Thoreau’s God

  • By Richard Higgins
  • University of Chicago Press
  • 224 pp.

This one’s a heavy lift, but it just might help you connect with the divine.

Thoreau’s God

“Our religion is where our love is.”
                                        – Henry David Thoreau

You could be forgiven for wanting to skip yet another book about Henry David Thoreau, a literary and personal hero to me and millions of others, but a man whose writing can feel like the intellectual equivalent of childhood vegetables: You have to be forced to eat it. Every time I read something by or about him, I flip from wanting to run outside and shout Thoreau’s name on high because I so revere the man, to bashing my head against a tree because he can be so agonizing to decipher.

I’d be lying if I didn’t report that Thoreau’s God, by former Boston Globe staff writer Richard Higgins, sent me both to the mountaintop and to the tree. I probably spent as much time in its pages wondering why I continue to torture myself with Thoreau as I did reveling in the life lessons he bestows. This is what happens when you combine such massive subjects as the great inscrutable being himself…and God.

But the book is worth the labor required to get through it. Thoreau’s God is an invitation to join hands with the transcendentalist, explore nature, find out who or what God is to you, and develop (or refine) your personal spiritual practices to honor that divine mystery.

For funsies, Higgins and Thoreau also help you assess what you consider to be religion.

“For Thoreau, religion is a matter of who we are and how we live — in particular, whether we act justly toward all life, human and nonhuman,” Higgins writes in his preface. “And what matters more than any one faith is an attitude of faithfulness.” Here and elsewhere, the author does a better job than Thoreau at explaining what Thoreau means.

Thoreau at his spiritual best is a comprehensible, soul-lifting poet worthy of those prerequisite head-bashing bandages, and Higgins wisely quotes classic lines from his most notable works, including this breathtaking snippet from Thoreau’s essay “Walking”:

“I believe in the forest, and in the meadow, and in the night in which the corn grows.”

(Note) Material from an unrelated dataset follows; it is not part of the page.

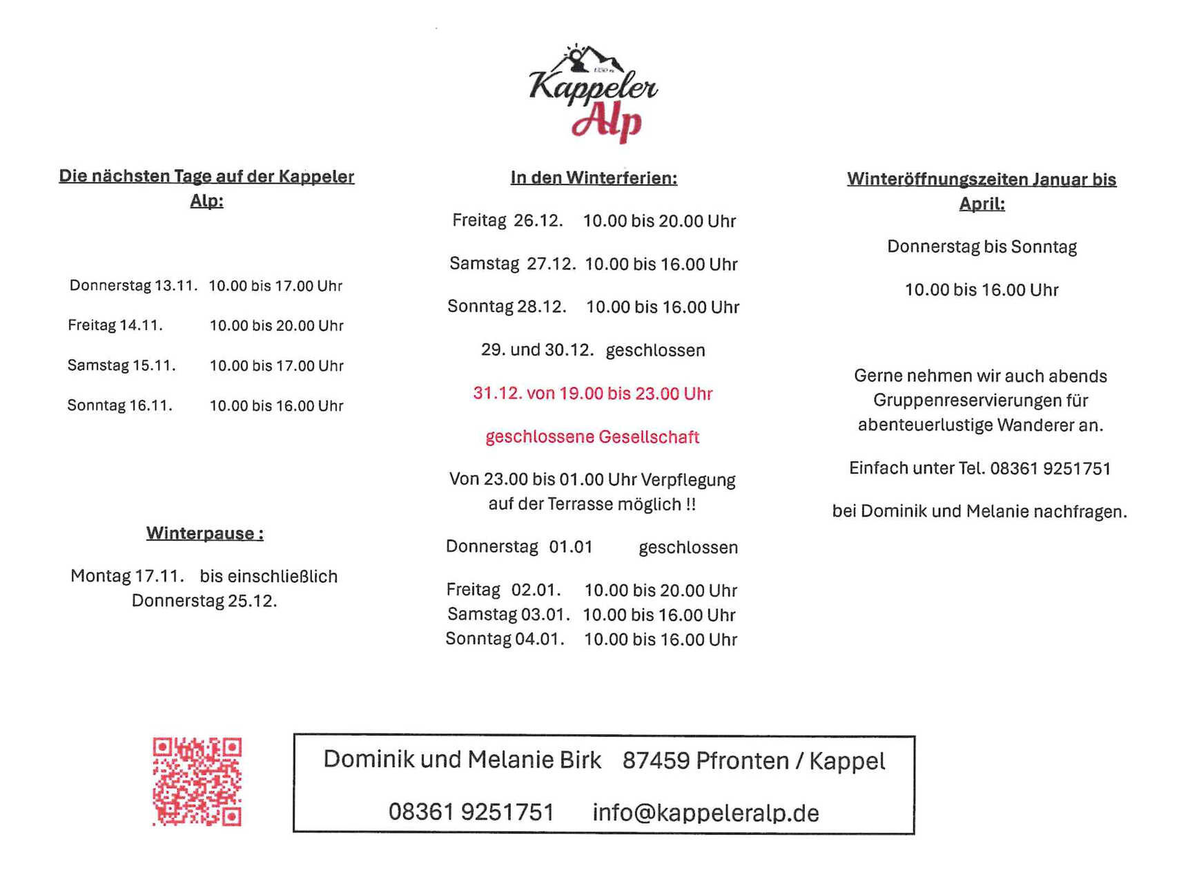 Winter-Öffnungszeiten (26. Dezember bis Ende April):

Perhaps the most compelling argument Higgins makes is that Thoreau didn’t see Nature (with a capital N) only as God — but also as a product of God. “Blessed are they who never read a newspaper,” Thoreau wrote in a letter, “for they shall see Nature, and through her, God.”

The logical next step for building (or strengthening) a relationship with a great spirit is figuring out how to commune with it. Thoreau was not a man who believed worshiping inside buildings was the best way to connect with God. Higgins sums up his subject’s habits this way:

“Thoreau strove to experience the sacred through spiritual practices, such as walking, meditation, close observation of nature, reading, keeping a journal, prayer, hoeing beans, and purifying his body through diet and bathing.”

The author adds that Thoreau viewed “contemplation, moral introspection, and reading the natural world as a second scripture.”

I submit that spiritual practices can be anything you want — and that you don’t need to live alone in a cabin in the woods to suck the marrow out of life. Instead, take baby steps. Go outside to your nearest tree every morning, inhale deeply, and absorb the beauty all around you. You can figure out the rest from there. (Need a little bit of hand-holding to get you going? I suggest an online course through the Center for Spirituality in Nature called the Spiritual Wisdom of Trees: Insights from our Elders.)

For Higgins, Thoreau was about the ever-deliberate task of seeking God. “My profession is to be always on the alert to find God in nature, to know his lurking places,” he quotes. “To attend all the oratories, the operas in nature.”

Higgins’ book pairs nicely with another work published this year by Barry M. Andrews, The Gospel According to This Moment: The Spiritual Message of Henry David Thoreau (not to mention David Gessner’s Quiet Desperation, Savage Delight, one of my favorite recent additions to Thoreauviana). Andrews zeroes in on a theme Higgins also covers — Thoreau’s belief in the virtue of living with purpose in the present moment. Neither Andrews nor Higgins, however, makes any claims that Thoreau set out to blaze a trail for us.

“Although the creativity of Thoreau’s religious thought and its centrality to his life’s work is increasingly being recognized by scholars, he did not leave a clearly marked or easy-to-follow spiritual path for others,” Higgins writes.

Thoreau’s God and Thoreau’s work, though, deliver an open invitation for everyone to start walking.